Your goal>
In the entries below, begin at the line that has "Práce s EPSG", stop after the line that has "儿童硅胶香肠模(紫色) | ¥0 | 2481件可售 |", and output those lines exactly with no pictures.

Data in this exercise>
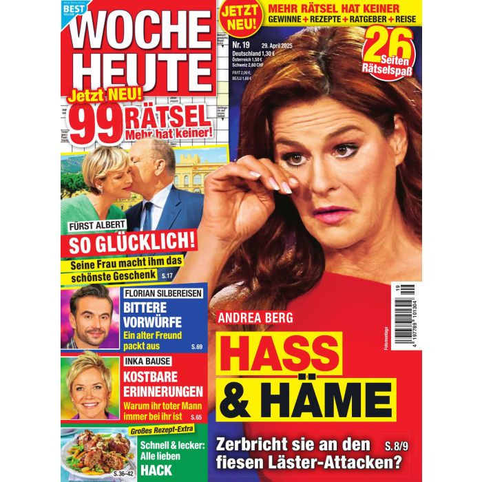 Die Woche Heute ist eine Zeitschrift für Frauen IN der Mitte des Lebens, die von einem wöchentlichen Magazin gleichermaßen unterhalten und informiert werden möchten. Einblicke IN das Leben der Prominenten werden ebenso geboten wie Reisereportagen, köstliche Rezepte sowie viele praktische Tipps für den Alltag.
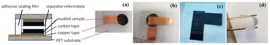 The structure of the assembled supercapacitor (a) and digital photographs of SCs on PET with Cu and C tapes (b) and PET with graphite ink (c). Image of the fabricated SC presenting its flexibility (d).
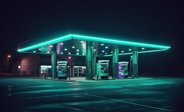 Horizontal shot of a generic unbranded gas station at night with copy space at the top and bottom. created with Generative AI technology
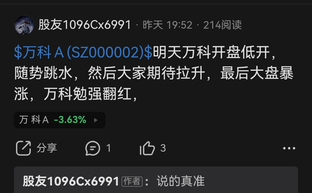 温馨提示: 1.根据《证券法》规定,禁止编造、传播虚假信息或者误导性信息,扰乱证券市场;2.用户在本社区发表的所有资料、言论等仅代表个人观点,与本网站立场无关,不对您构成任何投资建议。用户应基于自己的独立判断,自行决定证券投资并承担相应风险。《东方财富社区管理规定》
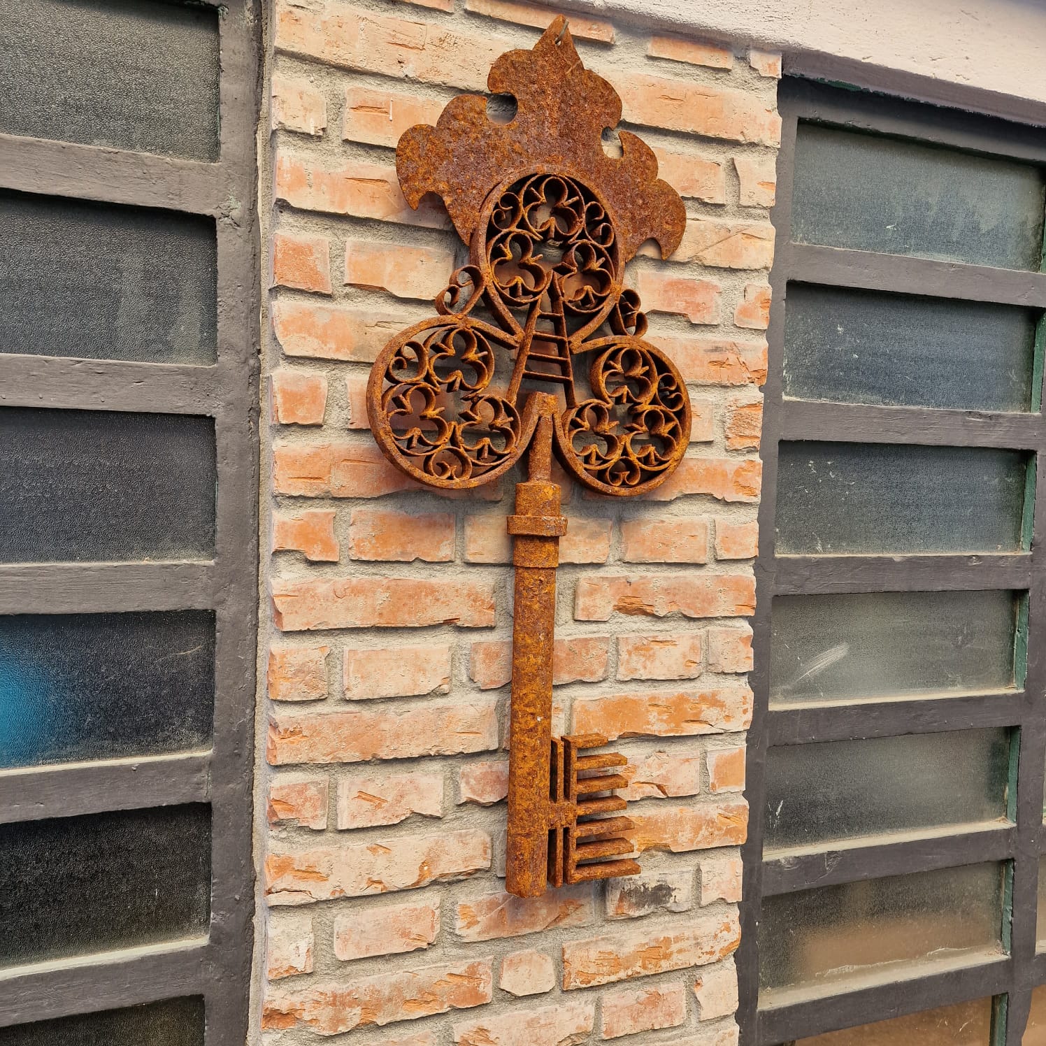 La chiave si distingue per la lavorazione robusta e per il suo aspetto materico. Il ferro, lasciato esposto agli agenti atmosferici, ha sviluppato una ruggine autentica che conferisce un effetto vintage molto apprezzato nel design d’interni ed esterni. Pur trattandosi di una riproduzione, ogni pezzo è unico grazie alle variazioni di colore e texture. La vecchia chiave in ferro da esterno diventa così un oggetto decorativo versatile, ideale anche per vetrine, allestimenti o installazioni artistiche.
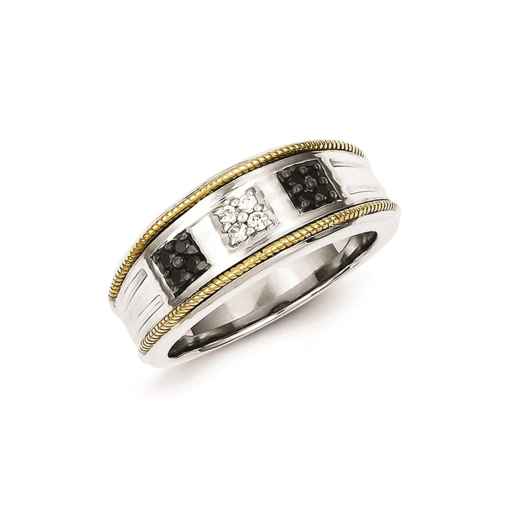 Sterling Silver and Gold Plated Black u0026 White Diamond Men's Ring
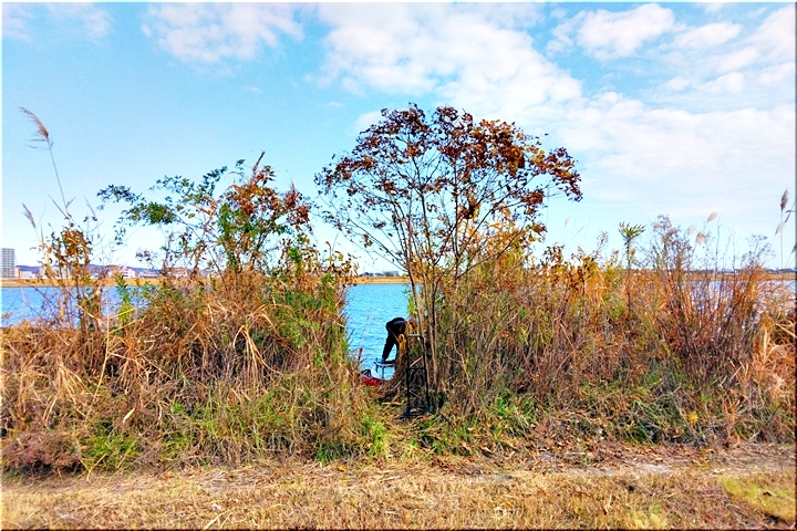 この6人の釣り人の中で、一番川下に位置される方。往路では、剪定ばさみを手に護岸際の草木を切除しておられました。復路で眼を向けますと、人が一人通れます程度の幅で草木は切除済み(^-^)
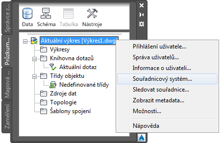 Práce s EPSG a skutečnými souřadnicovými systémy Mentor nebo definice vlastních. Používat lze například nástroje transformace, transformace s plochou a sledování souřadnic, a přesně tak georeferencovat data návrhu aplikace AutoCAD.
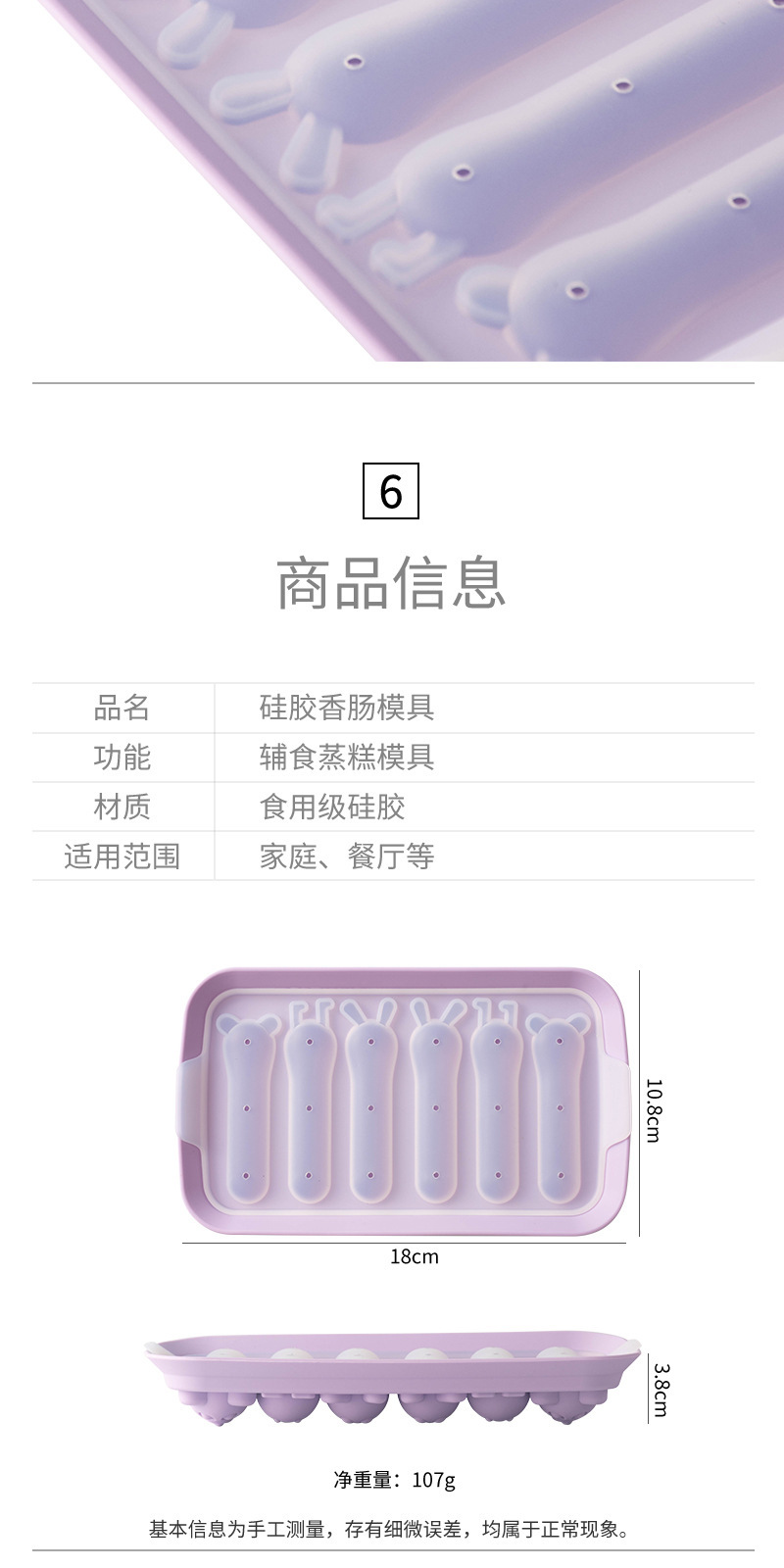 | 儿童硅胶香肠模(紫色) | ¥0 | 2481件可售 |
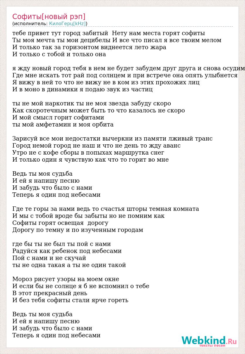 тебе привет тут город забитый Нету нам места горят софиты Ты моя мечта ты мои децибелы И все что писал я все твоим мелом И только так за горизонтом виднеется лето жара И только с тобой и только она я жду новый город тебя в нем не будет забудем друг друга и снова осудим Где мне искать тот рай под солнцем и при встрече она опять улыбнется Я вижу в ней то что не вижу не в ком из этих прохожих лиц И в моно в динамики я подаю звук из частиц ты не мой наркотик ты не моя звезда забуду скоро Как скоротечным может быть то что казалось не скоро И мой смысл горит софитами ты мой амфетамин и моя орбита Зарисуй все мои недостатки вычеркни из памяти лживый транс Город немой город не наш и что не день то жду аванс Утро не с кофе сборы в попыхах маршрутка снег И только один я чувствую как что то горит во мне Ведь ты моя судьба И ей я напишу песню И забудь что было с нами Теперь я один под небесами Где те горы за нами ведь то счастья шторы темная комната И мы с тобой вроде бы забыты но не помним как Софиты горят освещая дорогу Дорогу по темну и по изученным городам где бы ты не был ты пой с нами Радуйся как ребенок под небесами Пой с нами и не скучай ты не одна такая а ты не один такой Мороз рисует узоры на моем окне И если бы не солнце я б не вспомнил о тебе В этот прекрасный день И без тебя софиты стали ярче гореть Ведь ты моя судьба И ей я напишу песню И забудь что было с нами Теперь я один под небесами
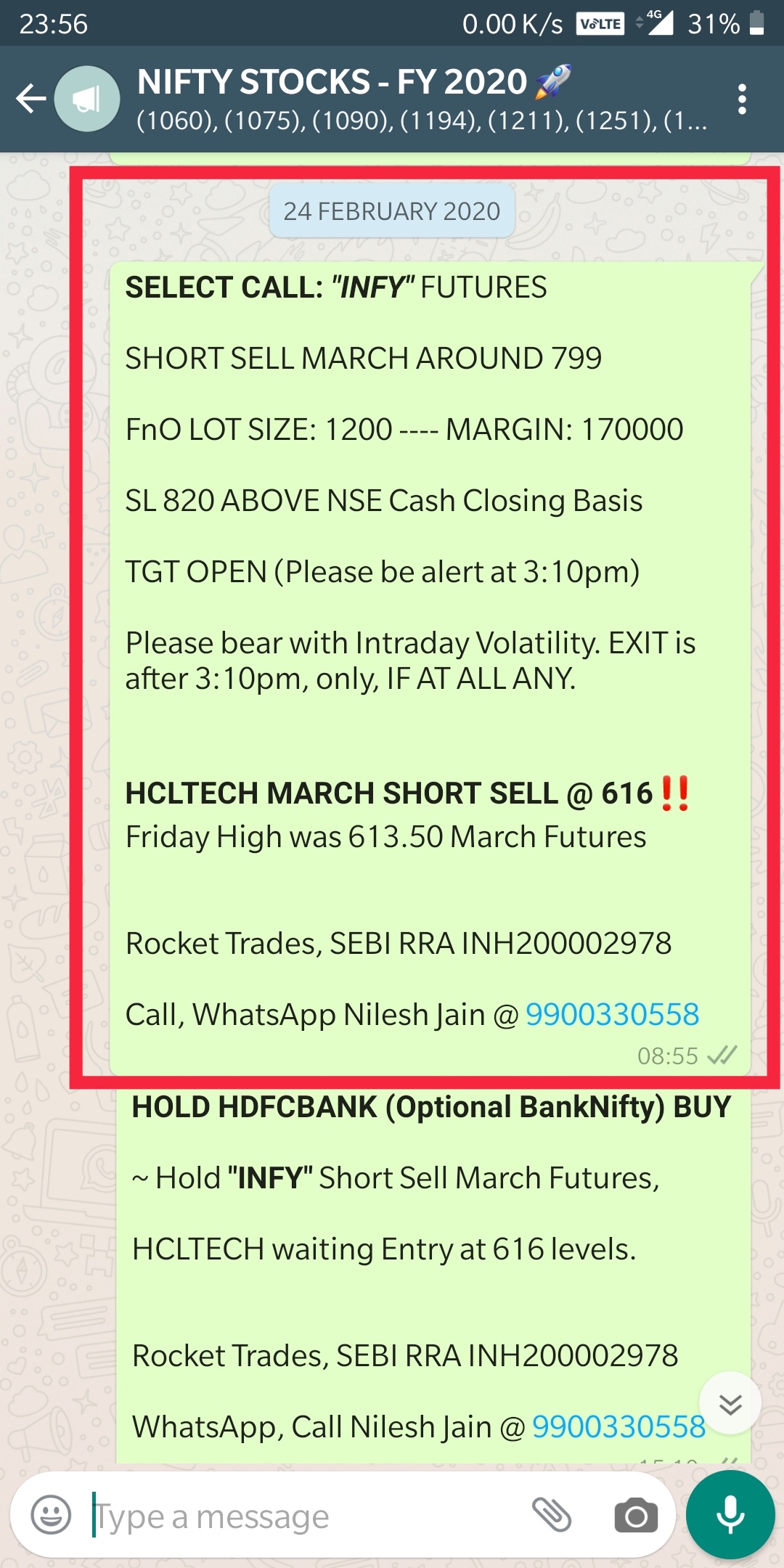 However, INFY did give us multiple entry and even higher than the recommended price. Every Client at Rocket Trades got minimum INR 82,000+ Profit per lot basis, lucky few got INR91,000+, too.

Answer to the exercise>
 Práce s EPSG a skutečnými souřadnicovými systémy Mentor nebo definice vlastních. Používat lze například nástroje transformace, transformace s plochou a sledování souřadnic, a přesně tak georeferencovat data návrhu aplikace AutoCAD.
 | 儿童硅胶香肠模(紫色) | ¥0 | 2481件可售 |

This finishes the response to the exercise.